Over in the community tab of the VT result, multiple users reported that there was a Cobalt Strike beacon found on port 80 only 19 days ago:

To verify, we look at the historical data associated with that host and found that, yes, until around October 26th, 2024, a Cobalt Strike beacon did, in fact, exist on this host, just like the other server with that “NPS” error does currently.

Unfortunately, internet scan data cannot tell us for sure whether these two hosts are related, but we do know that, with a few pivots, we were able to identify previously unknown malicious infrastructure.

Reporting & Automation

This is a task that we end up doing a lot of here at Censys: using one suspicious input to find even more things that look equally as suspicious. And if you don’t know which specific fields in our data are suitable to pivot into, then this task can be pretty cumbersome when done manually. But pivoting is king. So we went to automate some of these simple tasks for us to use internally, which turned out to be very useful – so much so that we’ve decided to make this tooling accessible to the broader internet community.

Censys scan data is what I would consider “highly structured” in that every bit of information is broken out into its own individual fields – one thing branches to another into a hierarchical tree, which lets you understand the ownership of one element to the next.
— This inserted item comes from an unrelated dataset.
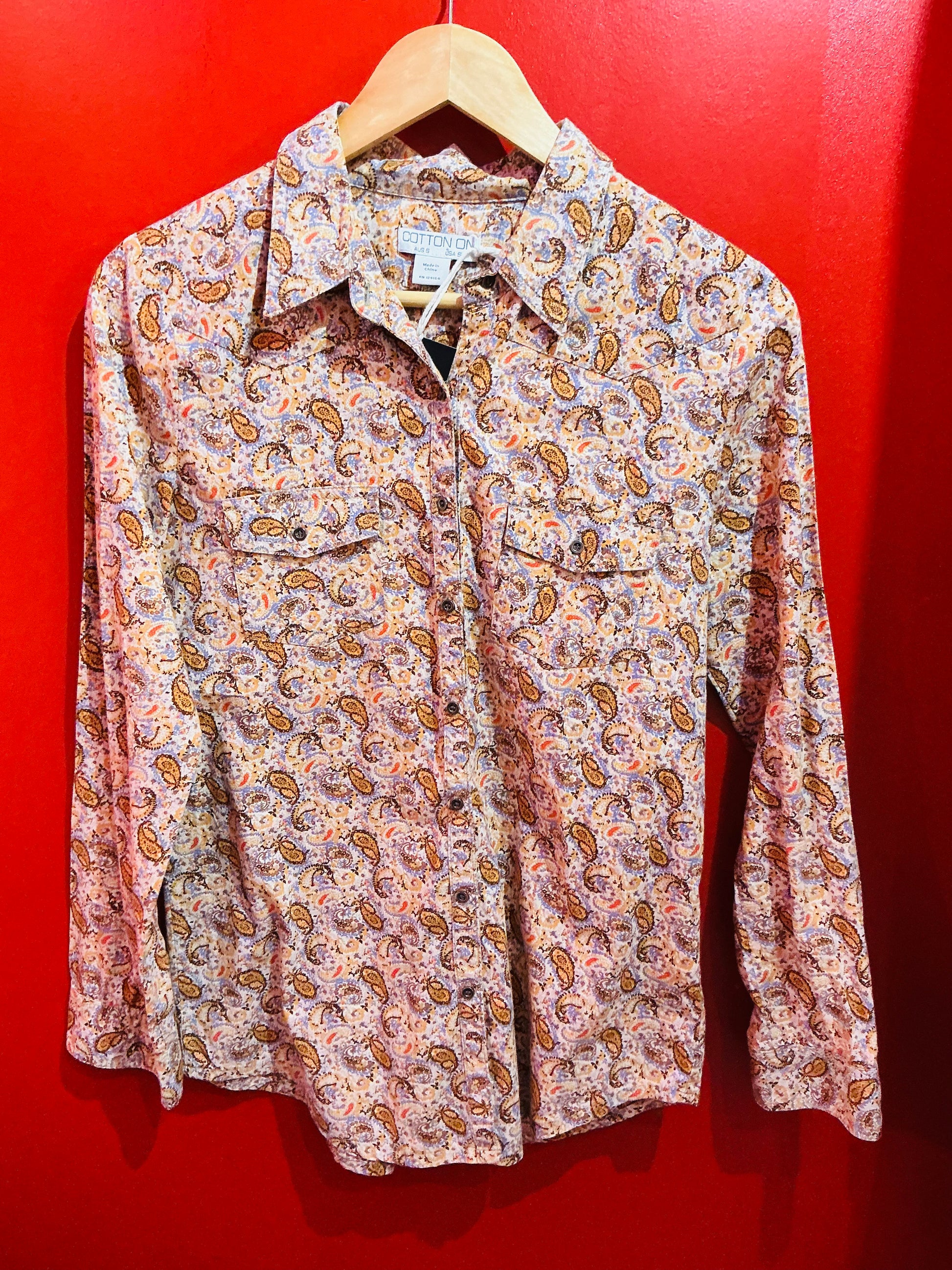 This Orange Paisley 90s Vintage Shirt offers high-quality vintage style. With its bold orange paisley print and 90s-inspired design, this shirt is perfect for adding a touch of nostalgia to any outfit. Made with premium materials for lasting comfort and style.
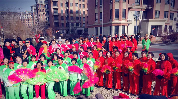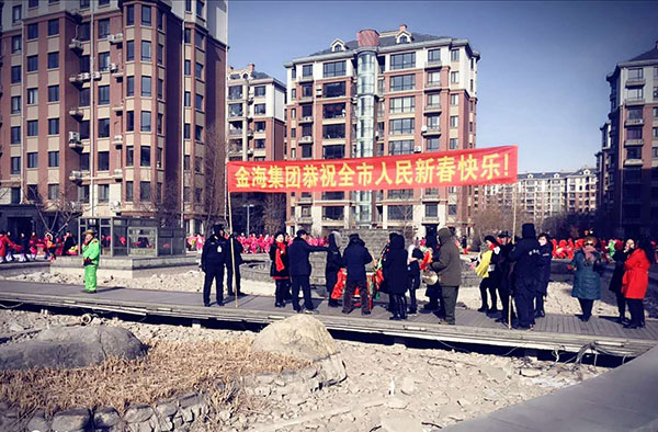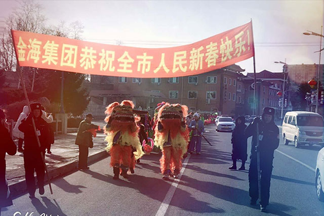 8時(shí)28分,五龍背站前廣場上鑼鼓喧天嗩吶歡奏,一百多米長的秧歌隊(duì)伍在兩名工作人員高舉著“金海集團(tuán)恭祝全市人民新春快樂”的祝福標(biāo)語引導(dǎo)下浩浩蕩蕩一行由站前廣場啟始隨著熱鬧的敲鑼打鼓聲踩著有節(jié)奏的鼓點(diǎn)邊走邊舞動(dòng),熱鬧非凡。10時(shí)6分,秧歌隊(duì)伍由1號崗正門順利駛?cè)雵娙獜V場,舞獅子、跑旱船、花棍子、每位秧歌隊(duì)員精神飽滿舞的喜氣洋洋,園區(qū)內(nèi)早早等候的業(yè)主們也被現(xiàn)場的活動(dòng)熱情所渲染并積極參與進(jìn)來,拍照攝影,大家對舉辦的這次活動(dòng)紛紛贊不絕口,并希望這樣的活動(dòng)每年都能搞一搞。

This structured format lends itself very well to pivoting from one datum to another.

 

Introducing “Censeye”: an auto-pivoting reporting tool

Censeye is a terminal-based tool we hacked out over the course of a few weeks, which started with a straightforward premise: take a single structured host result, and for each field, tell me how many other hosts on the internet have the same thing. To achieve this, we simply parsed a scan result and generated a CenQL expression for all of the key/value pairs. Then, for each generated query, we ran an aggregate report where the breakdown field is the number of IPs. The goal was to find interesting pivots we may have overlooked when manually looking at a host.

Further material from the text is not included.